Unfixed males have a tendency to smell like their territory marking urine. Wipe him over with a nappy wipe and when that dries over put dry shampoo and clean his cage, I usually with mine use pine bench top cleaner, urine remover and vinegar and rinse them thoroughly with hot/boiling water (Plastic bottom cages.) If she's still complaining then she's like my dad and just looking for an excuse to complain! 

All my rabbits are unaltered and my bucks let off the most foul smell sometimes especially when their cages have been cleaned. The only cage I have that gets dirty faster and needs cleaning more times a week (With my rabbits.) is the cage I have two does in one at four and a half months and the other five and a half months. Just find the source of the smell and fix it and if there isn't anything causing it, she's just complaining to complain like my dad, unfortunately. He's just not the biggest fan of animals at all which probably doesn't make him happy with the lot I have! Over 40+ but most are rabbits and piggies!


----------



## hvanwyk28 (Mar 7, 2014)

Scruffles was recently fixed, so I'm hoping the smell will improve. He is 6 months old. I've had him for about 4 months


----------



## hvanwyk28 (Mar 7, 2014)

It the cage that smelled. We scrub down the cage once a week with a vinegar solution.


----------



## hvanwyk28 (Mar 7, 2014)

He was peeing in two specific spots not in his litter pan. I am working on litter training now that he is fixed


----------



## HiddlesKenway (Mar 7, 2014)

Try putting trays in both spots he uses if he doesn't get that's what the toilet looks like than try other method or deterring him with something, remove his scent from the spots by rubbing it down with straight vinegar.


----------



## PaGal (Mar 7, 2014)

You may have to clean the cage more than once per week if you want to be able to keep him, at least until he is litter trained and his hormones have settled after the neuter. 

Also, if you are cleaning with vinegar which is good then you may want to wipe down the cage with some damp paper towels or rag using just water after first cleaning with the vinegar. I can't stand the smell of vinegar and doing this helps to dissipate the vinegar smell yet the vinegar still was able to break down any urine, etc smells first. 

What kind of cage do you have and what is in the cage besides your bun?


----------



## hvanwyk28 (Mar 7, 2014)

His cage is plastic on the bottom. The stuff in his cage is his bedding, 2 litter pans, his litter, hay and food


----------



## hvanwyk28 (Mar 7, 2014)

And some toys


----------



## mjpeter (Mar 7, 2014)

I would remove his bedding or any other soft items until he's completely trained to avoid confusion for him.


----------



## PaGal (Mar 7, 2014)

I would also remove the bedding and other soft materials until after being litter trained. 

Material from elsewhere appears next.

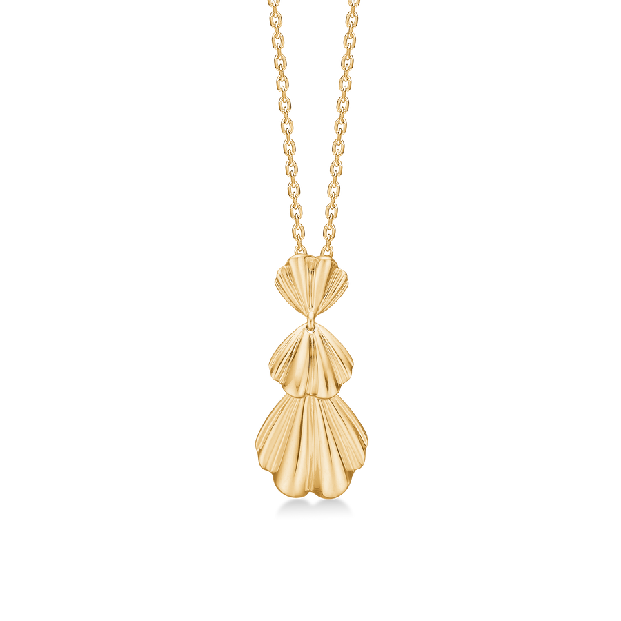 Ein exklusiver Anhänger i 14 Karat Gold, wo weiche Falten und organische Formen in einem zeitlosen Design aufeinandertreffen. Der Samtanhänger ist inspiriert von den samtigen Bewegungen der Natur, wo Licht und Schatten ruhig übereinander gleiten. Durch die fächerförmigen, dreiteiligen Falten entsteht eine skulpturale Silhouette, die das Licht aus jedem Blickwinkel unterschiedlich reflektiert – ein Schmuckstück mit Tiefe, Charakter und Eleganz zugleich.

If he has been spraying at all you want to make sure everything near gets a good cleaning with white vinegar. Have you moved the cage just to make sure no urine got under it somehow?


----------



## hvanwyk28 (Mar 7, 2014)

The cage was moved. We cleaned the cage right before we brought him home from getting fixed so he hasn't sprayed. He has been picking up really quickly on litter training now that he is fixed. He hasn't peed out of the litter box at all


----------



## missyscove (Mar 7, 2014)

I agree, it's confusing for them if there's bedding outside the litterbox and the litterbox. Just give him the litterbox with your rabbit-safe litter of choice and leave the rest of his cage with just the plastic bottom; that should help him figure things out.


----------



## hvanwyk28 (Mar 7, 2014)

Thanks! But I think he is figuring it out pretty quickly


----------